Typically, the muscle fibers that are used at the higher efforts are going to be Type IIa and IIx muscle fibers. These are your fast-twitch fibers that allow for greater contraction speeds and bursts of force production. Along with these characteristics, these fiber types are highly adaptable and have the greatest hypertrophic potential. Let’s be real – in a world where everyone wants to be bigger, faster and stronger, recruiting more of these guys is pretty advantageous. But along with that, only fibers that are activated can adapt. So if we are able to increase the load and stress on the body to allow for greater recruitment of muscle fibers, there would be an increase in strength.

Emerging Research

However, recently conventional wisdom has been challenged. Research has shown that exercise at lower percentages is as effective at impacting hypertrophy. One study investigated the effects of using a lower percentage (30%) of a 1RM to failure compared to using 90% of 1RM, and 30% 1RM work-matched to 90% failure. In this study, participants completed leg extension at various reps to failure. The subjects who performed 30% to failure experienced a greater increase in mRNA expression of MyoD and myogenin, and levels were elevated above the rest 24 hours post-exercise.

In addition, they had an increase in myofibrillar protein synthesis at rest and had a significant increase in the phosphorylation of Erk1/2, p70S6K and 4E-BP1. With more abbreviations than you can shake a stick at, what does all this mean? This study showed that low-load resistance training to failure was more effective in activating acute muscle protein synthesis than high-load low-volume or work-matched. The increases may be due to an increased tension over time on the muscle. It doesn’t take many reps to hit failure when you’re pushing 90%, but when the load is significantly decreased, the muscle has to hold the load for a longer period of time because, where previously it might take 3 or 4 reps to fail, now its 25, 30 or 50 reps.

The increased time of contraction and force production may cause fatigue secondary to just moving the weight up and down, attributing to the overload.

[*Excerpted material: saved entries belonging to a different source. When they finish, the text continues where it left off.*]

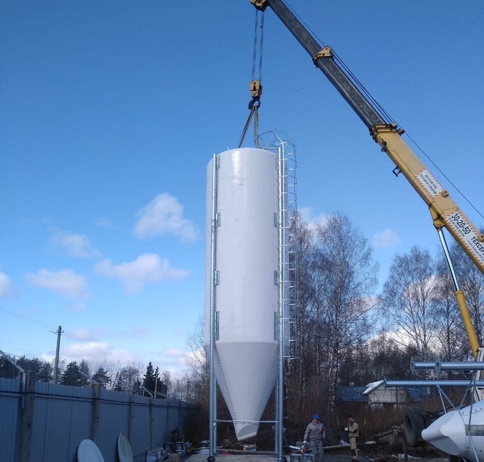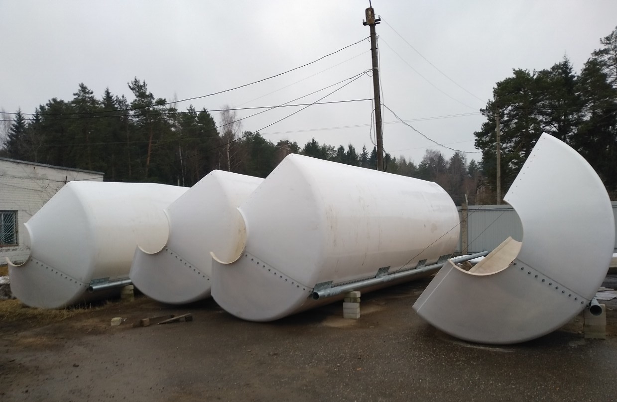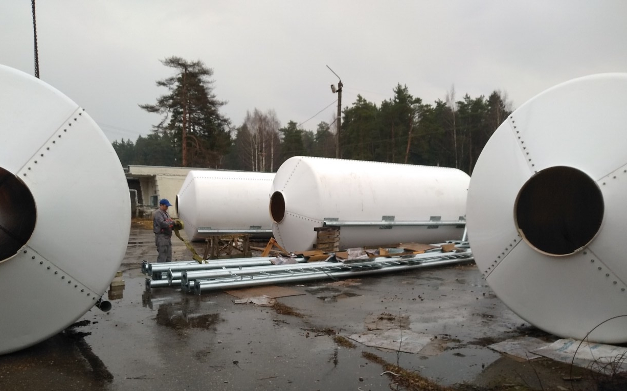 Dostarczono i zamontowano cztery silosy z włókna szklanego o pojemności 33,5 tony.
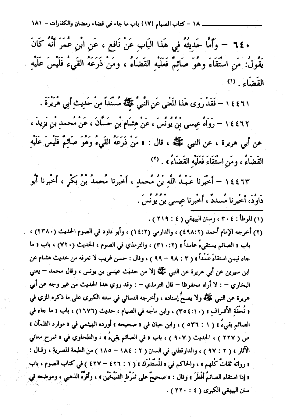 640 - وَأَمَّا حَدِيثُهُ فِي هَذَا الْبَابِ عَنْ نَافِعٍ، عَنِ ابْنِ عُمَرَ أَنَّهُ كَانَ يَقُولُ: مَنِ اسْتَقَاءَ وَهُوَ صَائِمٌ فَعَلَيْهِ الْقَضَاءُ، وَمَنْ ذَرَعَهُ الْقَيْءُ فَلَيْسَ عَلَيْهِ الْقَضَاءُ.
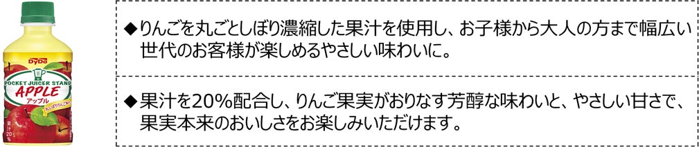 「ポケットジューサースタンド アップル」は、丸ごとしぼったりんごの濃縮果汁を使用し、やさしい甘さと芳醇な味わいで果実本来のおいしさが楽しめます。幅広い世代のお客様に親しまれる味わいです。
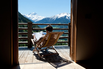 À l’intérieur des granges, sobriété et minimalisme sont de mise. Le décor se joue à l’extérieur. Ici, pas de télé, mais des grandes baies vitrées comme une fenêtre ouverte sur la montagne dans le but de valoriser le paysage.

You can take this study with a grain of salt and say, “Well, they had acute changes, so what?” Acute changes, if continually placed on the body, can turn into long-term adaptations.

The Wrap-Up

We don’t take creatine only one time and expect it to work its magic long-term. No, if you are anything like me, you take it religiously, knowing that only with a continual dosage do you see benefits. Thus, it appears possible that you can impact hypertrophy at both low-load high-volume and high-load low-volume. So not to be more confusing with all the options you have out there in terms of types of training, but both paradigms appear to work. The take-home point is this: keep your muscles guessing and vary your training.